By Falah Alwan, president of the FWCUI
We have a catastrophic situation in Haweeja, near Kirkuk. There is an American munitions training centre in the province and the local people are suffering from living near the weapons testing. 412 children are suffering from radiation sickness. The FWCUI recently participated in a delegation organised by the Organisation for Women's Freedom in Iraq (OWFI) to meet local residents and discuss the issues. There are hundreds of people with illnesses, including cancer. People cannot afford proper medical treatment; FWCUI and OWFI are demanding that the weapons testing stops, that the site is cleaned up and that people are given access to the medical treatment they need.
Another important issue at the moment is the new harbour Kuwait is building near Iraq shores, Mubarak Port, which is named for the Kuwaiti ruling family. Iraq currently has very limited access to the sea through ports such as Umm Qasr and al-Faw. The new harbour will prevent Iraqi ports from functioning properly and will make sea trade difficult. There have been many demonstrations and protests against the building of the Kuwaiti harbour; workers and other activists have been holding demonstrations to demand construction ceases.
The Kuwaiti government is the main force behind the project but it may be working with others. It will reshape transport and trade in the Gulf and prevent Iraqi from exporting gas. Many countries have interests in controlling sea trade in this area including Qatar, Saudi Arabia and Iran. These countries may not be directly involved but they could benefit from the weakening of Iraq's sea-trading potential.
According to a member of the workers' committee in al-Faw, 100,000 jobs in Iraq will be under threat if this harbour goes ahead. Our federation has issued a statement to urge all workers to continue demonstrations and to make this issue central to the mass protest on 9 September.
The government's privatisation project is also continuing. The government wants to privatise sections of the economy currently organised under the Ministry of Industry, starting with the big companies including textiles. In total there are 69 “companies” threatened with privatisation, which employ around 250,000 workers. The privateers include both foreign and domestic “investors”. The government has consistently used “investment” as a euphemism for privatisation and have attempted to privatise gradually in order to avoid big confrontations with workers. There is already significant foreign “investment” in many Iraqi industries, such as the French company Lafarge which operates cement factories.

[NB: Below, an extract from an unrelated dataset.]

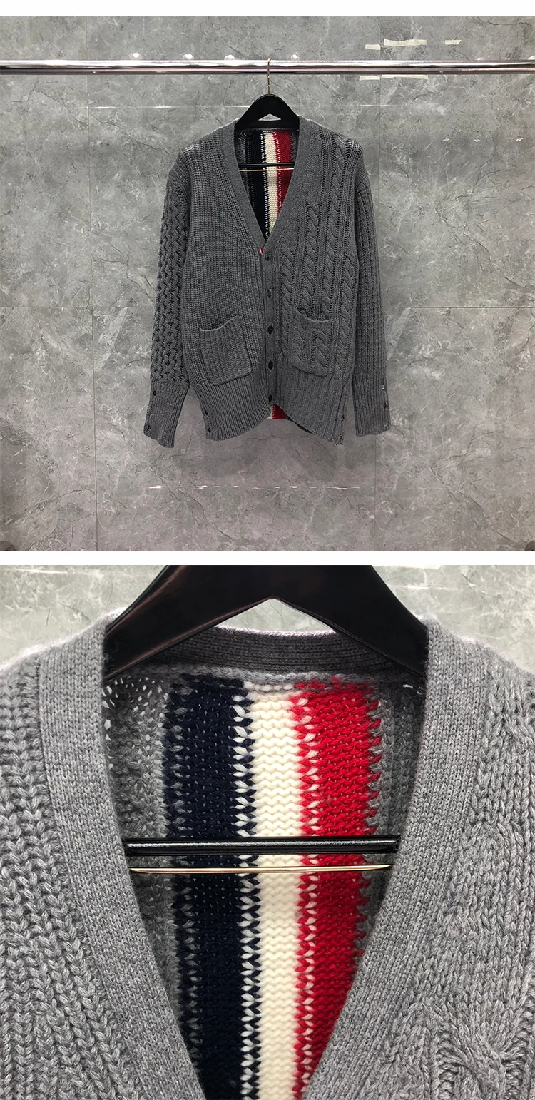 TB THOM Sweater Autunm Winter Sweater Male Fashion Brand Gray Donegal Tweed Filey Stitch Center Back Stripe V-Neck Cardigan Coat

The Federation of Workers' Councils and Unions in Iraq (FWCUI) was looking into holding national conference for workers' representatives from companies threatened with privatisation and we contacted the AFL-CIO Solidarity Centre to discuss financial support. We've since concluded it will be more practical to hold a series of regional conferences, which we plan to do in October 2011.
The Shiwashok oil refinery workers in Erbil ended their strike [which began on 2 August] after promises from management to improve safety, pay remunerations and increase salary. But they were only promises, not concrete agreements. 332 workers were involved in the strike. Workers are worried about losing their jobs if they continue strikes; their contracts are very insecure and the company sees workers as easily replaceable. There are huge numbers of unemployed people ready to take their jobs. There was a similar issue in a strike near Nasiriyah; 40 workers struck to win back pay but the bosses just sacked them. There is no job protection in workers' contracts.
On the question of the Arab uprisings, FWCUI was absolutely clear from the very start that we supported uprisings and revolutions in Tunisia, Egypt, Syria and Libya. We called for workers to play a central and defining role in each uprising. We have contacts in Egypt and Tunisia, but it's harder to make contacts in Syria and Libya. Our attitude is very clear.
The Maliki government is supporting Assad in his repression of the Syrian uprising, but that's unsurprising. Iran supports Assad, so Maliki supports Assad. He doesn't want to stray too far from Iran's line. There are rumours of his government giving money to Syria to help Assad put down the uprising.